On the brewing side, I am not looking to significantly increase my production compared to last year.  I’m thinking that anywhere in the neighborhood of 15 – 20 different beers (which will not all be full batches) will keep me plenty busy.  Instead, I want to try to have a little more focus on building a bit more individual brewing style and really focus on technique this year.  I feel like a lot of my brewing efforts last year went into trying a bunch of different styles, trying some concepts that were in my head, and finding a handful of recipes that I want to repeat on a somewhat regular basis (at least annually).  I learned a whole lot by doing this – some good techniques, and some bad.  However, I do feel like a lot of my brewing this past year lacked focus, so this year I really want to take what I learned last year and expand on it.  I want to build better grain bills, make sure I have healthy fermentations every time (probably the most important thing you can do as a brewer), and have a little more focus and cohesion in my brewing portfolio.  That’s not to say I don’t want to experiment or branch out into more styles.  On the contrary, I most certainly want to experiment and branch out into more styles.  However, I want to make sure that I am approaching new styles and experiments in a well thought-out manner using the lessons that I’ve learned, and ensure that they fit in with my style as a brewer.  In other words, I don’t want to just wing it to get a concept out of my system.  Now, when you’re setting goals, you’re supposed to make them measurable and quantifiable so you can compare your actual results against your goals.  Obviously, I haven’t done that yet in this little rant, so let’s get down to the nitty gritties.

For starters, I want to use a yeast starter in all of my full batches of beer that are going to be over 5% ABV (which is most of my beers).  One of the things that I have neglected as a homebrewer, is the importance of pitching a healthy number of yeast cells into the beer.  Have a strong, healthy fermentation, reduces lag time, decreases off-flavors, and improves the overall quality of the beer.  Healthy fermentations make the difference between good beer and great beer.

On the competitive side, I would like to enter at least two competitions again this year.  Not only did I have a blast at the couple competitions I entered last year, but I also got some great feedback on my beer, which improved me as a brewer.  The more beers I can get feedback on from trained judges, the better.  While placing in these competitions would be fantastic, it’s a secondary concern to me – the main purposes are to network with other brewers and to get feedback on my beers.
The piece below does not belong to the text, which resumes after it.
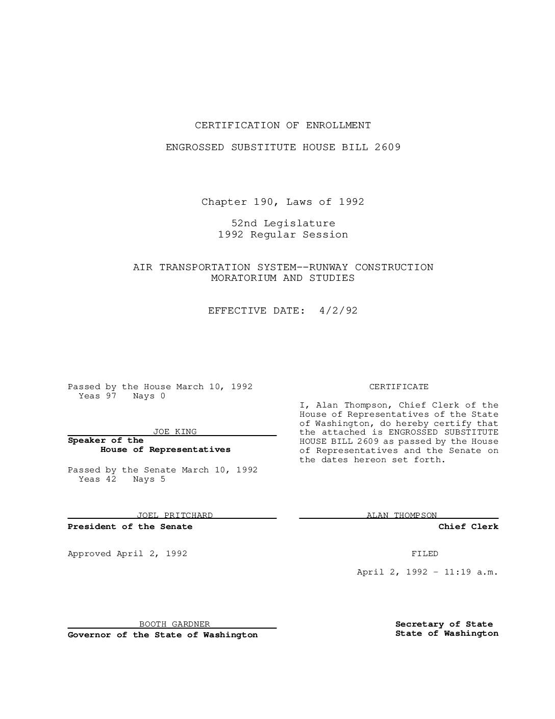 Passed by the House March 10, 1992 Yeas 97 Nays 0 JOE KING Speaker of the House of Representatives Passed by the Senate March 10, 1992 Yeas 42 Nays 5 CERTIFICATE I, Alan Thompson, Chief Clerk of the House of Representatives of the State of Washington, do hereby certify that the attached is ENGROSSED SUBSTITUTE HOUSE BILL 2609 as passed by the House of Representatives and the Senate on the dates hereon set forth. JOEL PRITCHARD President of the Senate ALAN THOMPSON Chief Clerk Approved April 2, 1992 FILED April 2, 1992 - 11:19 a.m. BOOTH GARDNER Governor of the State of Washington Secretary of State State of Washington _______________________________________________ ENGROSSED SUBSTITUTE HOUSE BILL 2609 _______________________________________________ AS AMENDED BY THE SENATE Passed Legislature - 1992 Regular Session State of Washington 52nd Legislature 1992 Regular Session By House Committee on Transportation (originally sponsored by Representatives Hine, G. Fisher, R. Fisher, Brough, Heavey, Locke, Chandler, Leonard, Valle, Wood, Prentice, Hochstatter, Mitchell, Horn, Rasmussen, Paris, R. King, Beck, Spanel, Nelson, Appelwick, Wilson, Franklin, Wang, Jacobsen and Belcher) Read first time 02/11/92. AN ACT Relating to air transportation; amending RCW 47.86.030;1 adding a new section to chapter 53.08 RCW; creating a new section; and2 declaring an emergency.3 BE IT ENACTED BY THE LEGISLATURE OF THE STATE OF WASHINGTON:4 NEW SECTION. Sec. 1. The legislature finds that an integrated5 air transportation system with efficient intermodal linkages is vital6 to the economic and social vitality of the state. Coordination and7 cooperation among public agencies and between…

I also want to brew at least three collaborations with other brewers this year.  Everyone has their own setup, techniques, and styles that they use in homebrewing.  One of the best ways to grow as a brewer is to collaborate with others and see how they do things.  I am by no means an expert brewer, so brewing with others will be a great learning experience and a great way to brew something that pushes my style further as a brewer.

I really want to get a bit more into cooking with, and pairing food with, beer this year.  Again, this one is tough to put into quantifiable terms.  I will set a goal to make at least three dinners that are four, or more, courses, pairing each course with a different beer.   Also, in general, I want to start cooking more with beer (i.e. using beer in marinades and in the cooking process).

Alright, enough talk about goals – go do something productive, like drink a beer!  (Which, by the way, if you aren’t drinking a beer while reading any of my posts, I don’t know how you get through my dry-ass writing.)  Cheers, and good luck with those resolutions!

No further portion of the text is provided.